The Creation of VUI 

Audrey

The first traces of VUI started as the first speech recognition system in 1952 with a device called Audrey. Audrey was invented by K.H. Davis, R. Biddulph and S. Balashek, it was known as the “automatic digit recognizer” due to its ability to recognize numbers 0 through 9. Although Audrey’s skill was limited to numbers, it was seen as a technological breakthrough. Audrey was also not a small device like usually seen today, Audrey stood 6 feet tall with a large and rather complicated analog circuit system.

During the creation of Audrey there was an input and output procedure like used today in modern VUI devices. First, a speaker recited a digit or digits into a telephone and made sure to make a 350 milliseconds pause between each word. Next, Audrey listened to the speaker’s input and with speech processes it sorted the speech sounds and patterns to understand the input. Audrey would then visibly respond by flashing a light like modern VUI devices. 

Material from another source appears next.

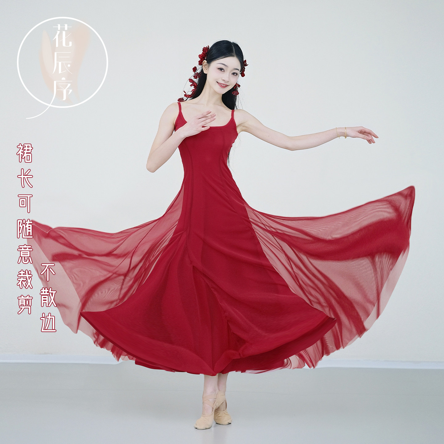 花辰序红色古典舞蹈服女吊带连衣裙长裙大摆飘逸演出服艺考练功服

Although Audrey could distinguish the numbers, Audrey could not universally understand everyone’s voice or language style and could only respond to a familiar speaker. Unfortunately this was not a feature like modern day VUI in devices, Audrey was simply not advanced enough and needed a familiar speaker to maintain a 97 percent digit recognition accuracy. With a few other designated speakers, Audrey’s accuracy was 70-80 percent, but far less with other speakers it was unfamiliar with. Why was Audrey created in the first place if manual push-button dialling was cheaper and easier to work with? Recognized speech requires less bandwidth (less frequencies for transmitting a signal) than the original sound waves in a telephone. It would also be more practical for reducing data traveling through wires and future technology. 

Tangora

Shortly after the creation of Audrey, the most significant voice technology advancement was in 1971 when the U.S Department of Defense’s research team funded five years of a Speech Understanding Research program. Their goal was to reach a minimum of 1,000 vocabulary words with the help of companies such as IBM. In the 1980s, IBM built a voice activated typewriter called Tangora. Tangora was capable of understanding and handling a 20,000-word vocabulary. Today voice activated typing systems have evolved to be used in smartphones to send a text or write a research paper in a matter of moments. 

Overtime, computer technology advanced VUI, Graphical User Interface (GUI), and User Experience (UX) design is placed into a small device that fits in the palm of a hand. Even GUI and UX is becoming old news due to the quick adoption of voice-only devices that no longer use these features. Speech recognition technology went from understanding 9 numbers to millions of phrases and words from any voice. This advancement was made possible with new speech recognition software processes such as Automatic Speech Recognition, Name Entity Recognition, and Speech Synthesis. 

Technology used to create a VUI

A range of Artificial Intelligence technologies are used to create VUIs, including Automatic Speech Recognition, Name Entity Recognition, and Speech Synthesis. 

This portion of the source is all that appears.